Professor Paul Cosford, medical director of Public Health England, continues his occasional series on his experience as a patient with cancer and describes his first meeting with his palliative care team.
It is almost a year since I was told I have incurable lung cancer. Bad news, as a non-smoking 55 year old, but in fact, I am one of the more fortunate ones. For most people, the way the cancer had already spread would probably give an average of a year’s life expectancy. But a new treatment for a small group of lung cancers shrinks it for about a year, and I am fortunate enough to have one of those cancers. It looks like another similar treatment should work for some months when this one stops, so I hope still to have a small number of years to live. In the meantime I am physically well, regularly cycle 100 miles at a time, continue to work, and of course spend time with those important to me.
So why, when my focus is on living well now, did I decide recently to meet the palliative care team? I could say that it is recommended in NICE‘s cancer guidance and therefore based on evidence of best practice but that is only telling part of the story.
I didn’t want to go. I am not dying yet, and deciding to meet people who specialise in palliative care felt incongruous with where I am physically and, most of the time, psychologically.
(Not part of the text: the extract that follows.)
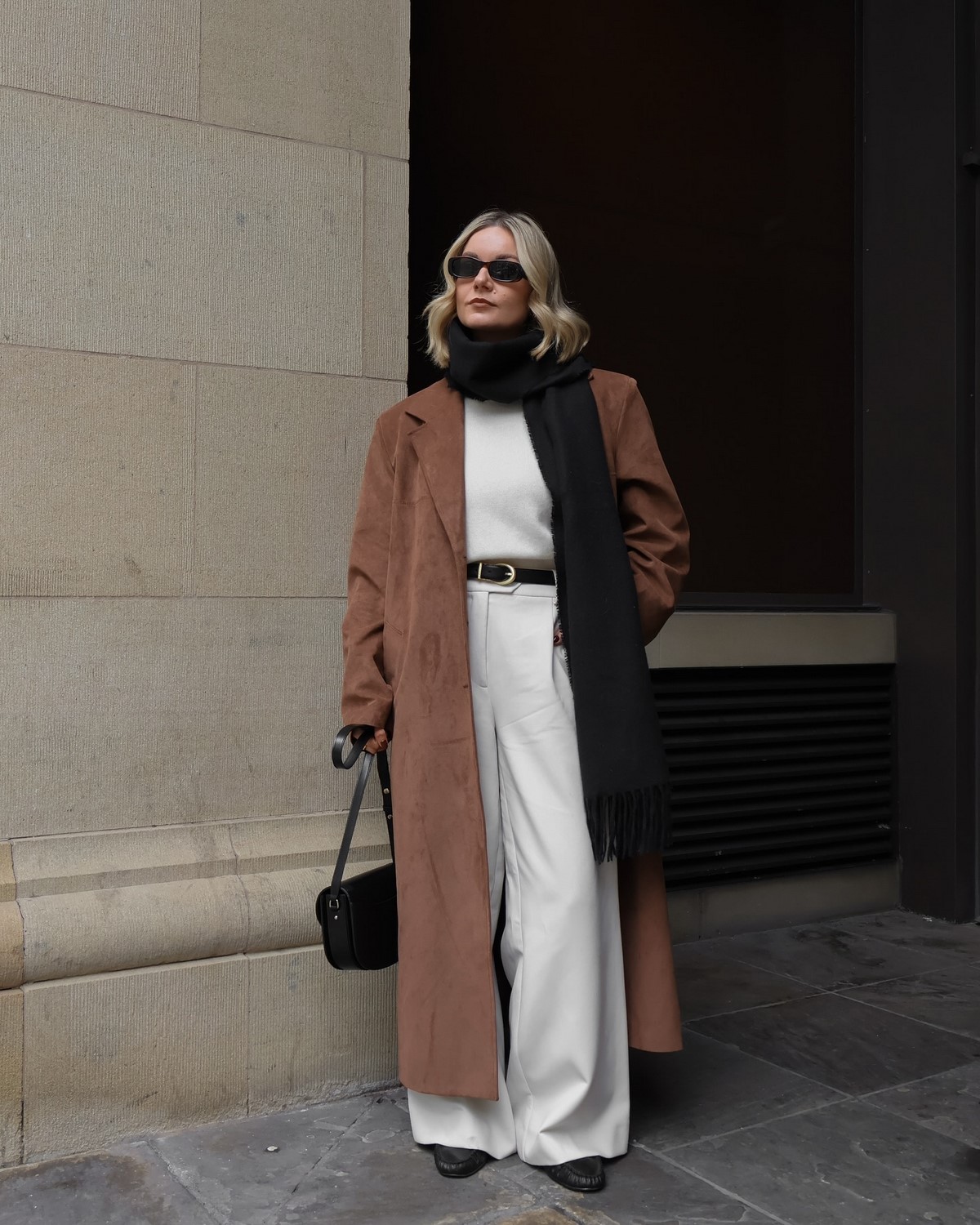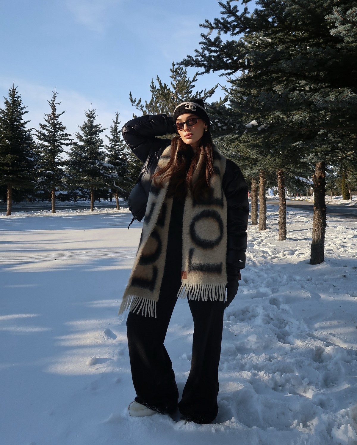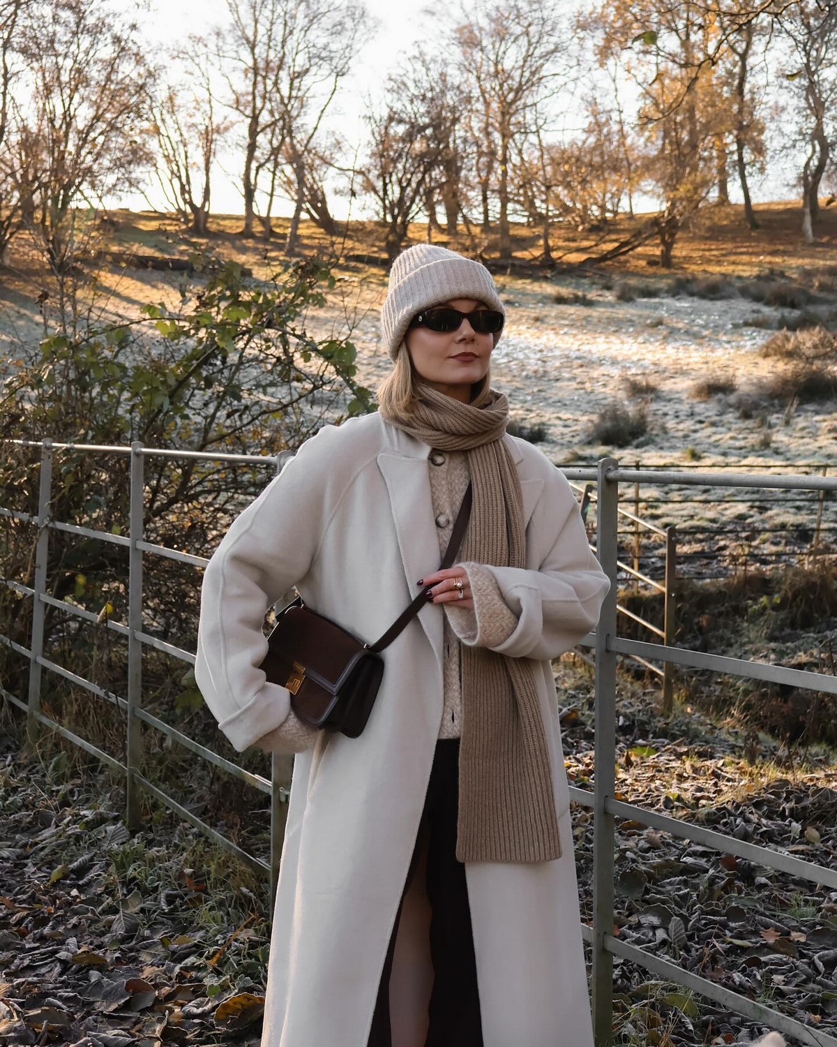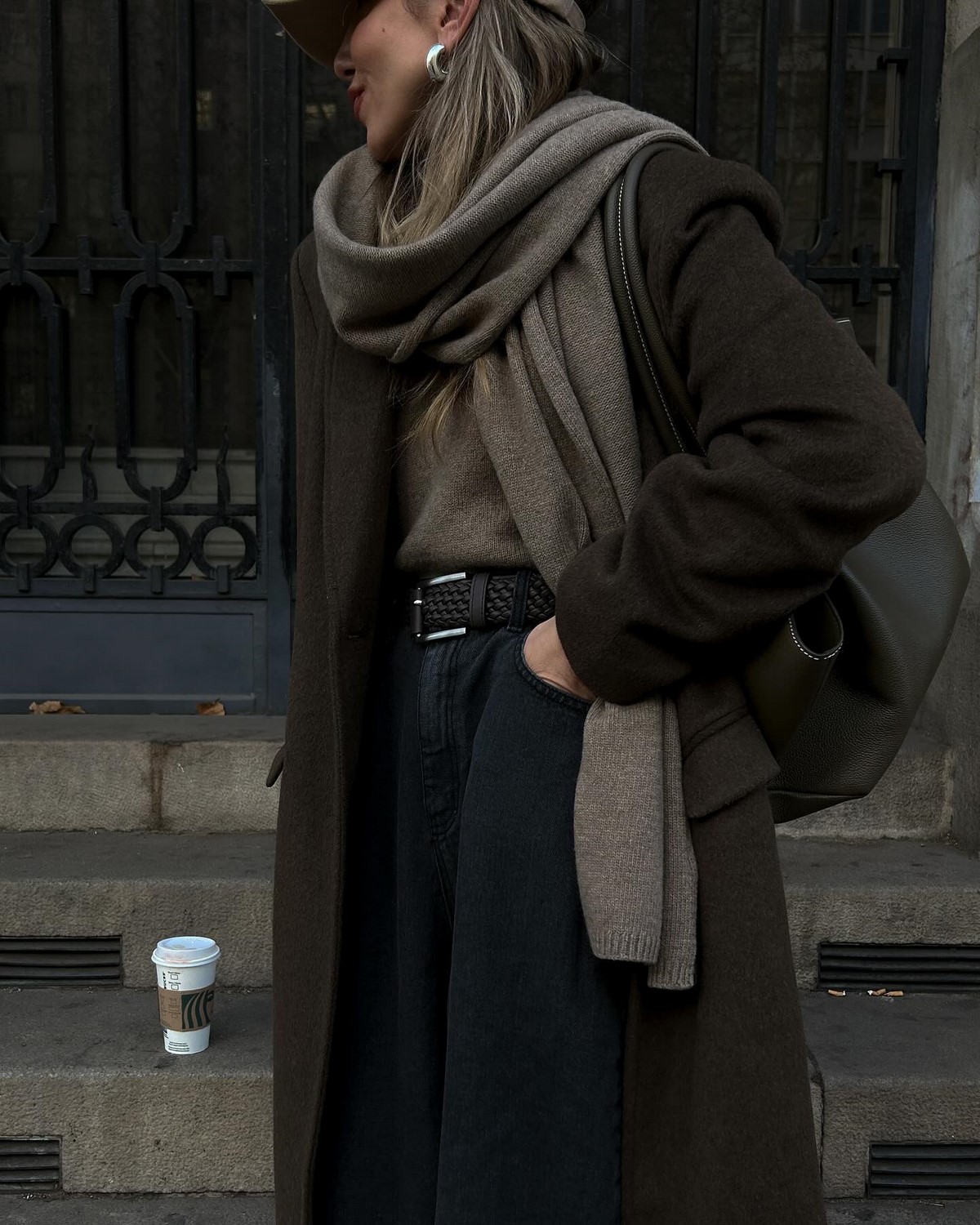 - Довгий шарф — затишний, обгорнутий кілька разів навколо шиї або просто накинутий на плечі, він додає розслабленості.

I joked with Gill, my wife, about having to meet the “death doctors”, but in the event the conversation was the most helpful one we’ve had about how we are managing to live with an incurable cancer.
I joked with Gill, my wife, about having to meet the “death doctors”, but in the event the conversation was the most helpful one we’ve had about how we are managing to live with an incurable cancer.
My regular hospital appointments are about checking how I am on the treatment, whether the disease is progressing, when I should have another scan, and what treatment may come next. These are the bedrock of my care and involve brilliant oncologists and their team who know everything there is to know about my cancer.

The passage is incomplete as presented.